Садовник возмущался при одной мысли о подобном дерзновении. Неужели же для этого столько толедских архиепископов сражались против мавров, завоевывали города, брали крепости и захватывали земли, которые переходили во владение собора, возвеличивая блеск Господа и верных слуг Его? Неужели для того, чтобы все это досталось нечестивцам, столько верных сынов церкви, столько королей, вельмож и простых людей завещали большую часть своих состояний святому собору для спасения своей души? Что же станется с шестью стами честных людей, взрослых и детей, духовных и светских, сановников и простых служащих, которые жили доходами церкви?.. И это они называют свободой! Отнимать у других то, что им принадлежит, обрекая на нищету множество семей, живших на счет собора!..

Когда печальные предчувствия садовника стали оправдываться и Мендизабал постановил уничтожить церковные права, сеньор Эстабан чуть не умер от бешенства. Кардинал Ингванцо поступил лучше, чем он. Запертый в своем дворце либералами, как его предшественник абсолютистами, он действительно умер, что бы не быть свидетелем расхищения священного церковного имущества. Сеньор Луна был простой садовник, и не дерзал последовать примеру кардинала. Он продолжал жить, но каждый день испытывал новое огорчение, узнавая, что некоторые из умеренных, которые, однако, никогда не пропускали главную мессу, приобретали за ничтожные деньги то дом, то фруктовый сад, то пастбища; все это принадлежало прежде собору и занесено было затем в списки национальных имуществ. – «Разбойники!» – кричал он.
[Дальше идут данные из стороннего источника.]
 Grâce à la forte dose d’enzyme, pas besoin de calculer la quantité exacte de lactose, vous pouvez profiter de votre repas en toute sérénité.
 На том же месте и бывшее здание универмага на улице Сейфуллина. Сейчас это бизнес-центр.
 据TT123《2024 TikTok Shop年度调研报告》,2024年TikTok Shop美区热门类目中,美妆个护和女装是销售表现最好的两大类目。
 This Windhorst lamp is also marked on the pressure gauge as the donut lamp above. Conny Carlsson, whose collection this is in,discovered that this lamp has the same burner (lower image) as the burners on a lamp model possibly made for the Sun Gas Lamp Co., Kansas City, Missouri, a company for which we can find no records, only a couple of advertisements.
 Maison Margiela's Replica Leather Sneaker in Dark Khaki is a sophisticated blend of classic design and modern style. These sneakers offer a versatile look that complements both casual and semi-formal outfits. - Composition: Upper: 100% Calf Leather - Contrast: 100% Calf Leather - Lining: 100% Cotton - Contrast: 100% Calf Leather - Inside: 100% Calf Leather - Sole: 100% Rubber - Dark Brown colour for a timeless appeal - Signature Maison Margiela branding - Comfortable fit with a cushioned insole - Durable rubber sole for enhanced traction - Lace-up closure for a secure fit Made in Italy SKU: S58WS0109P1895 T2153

Эта медленная распродажа, уносившая по кускам все богатство собора, возмущала Эстабана не менее того, чем если бы альгвазилы пришли в его квартиру в верхнем монастыре и стали бы забирать мебель, из которой каждый предмет был памятью о ком-нибудь из предков.
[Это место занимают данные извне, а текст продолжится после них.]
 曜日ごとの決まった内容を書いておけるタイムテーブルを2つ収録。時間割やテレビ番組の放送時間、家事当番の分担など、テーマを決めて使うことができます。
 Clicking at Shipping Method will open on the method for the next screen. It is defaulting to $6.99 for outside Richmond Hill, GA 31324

Были минуты, когда он подумывал о том, чтобы покинуть свой сад, и отправиться в Маестрасго или на север, чтобы примкнуть к тем, которые защищали права Карла V и желали возврата к прежнему порядку вещей. Эстабану было тогда сорок лет и он чувствовал себя бодрым и сильным; хотя он был миролюбив по натуре и никогда не брал в руки ружья, все же его воодушевлял пример нескольких семинаристов, кротких и благочестивых молодых людей, которые бежали из семинарии и, по слухам, воевали в Каталонии в отряде дона Рамона Кабрера. Но, чтобы не жить одному в своей большой квартире в верхнем монастыре, садовник женился за три года до того, и у него был маленький сын. Кроме того, он бы не мог расстаться с церковью. Он сделался как бы одним из камней этой громады, и был уверен, что погибнет, как только выйдет из своего сада. Собор потерял бы нечто неотъемлемое, если бы из него ушел один из Луна после стольких веков верной службы. И Эстабан не мог бы жить вдали от собора. Как бы он ушел в горы стрелять, когда в течение целых годов не ступал на «мирскую» землю, если не считать узкого пространства улицы между лестницей монастыря и дверью del Mollete?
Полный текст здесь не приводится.